Because distinct MAPK isoforms have different substrate affinities and functions [61, 145, 159], the precise identification of MAPK isoforms that contribute to IR injury would allow for the development of targeted therapies. Avoiding indiscriminate MAPK blockade is important because MAPK activates signaling pathways participating in host defense against infection and tumors.

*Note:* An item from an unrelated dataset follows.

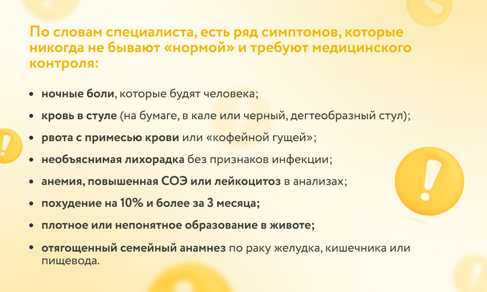 «Это признаки органической патологии, которые требуют обращения к врачу», – подчеркивает гастроэнтеролог.

Despite promising results obtained with MAPK inhibitors as well as PC and PostC in animal models, it should be noted that clinical trials of cardioprotective agents successfully tested in animal models have been largely negative so far [259]. However, a recent trial suggested a protective effect of cyclosporine, a MPTP opening inhibitor, against reperfusion injury in patients with acute myocardial infarction [260]. In transplantation medicine, MAPK inhibitors will need to be tested in combination with other PC and PostC strategies, as well as with improved organ preservation solutions and reperfusion protocols (e.g., continuous myocardial perfusion and controlled initial reperfusion) [261–263].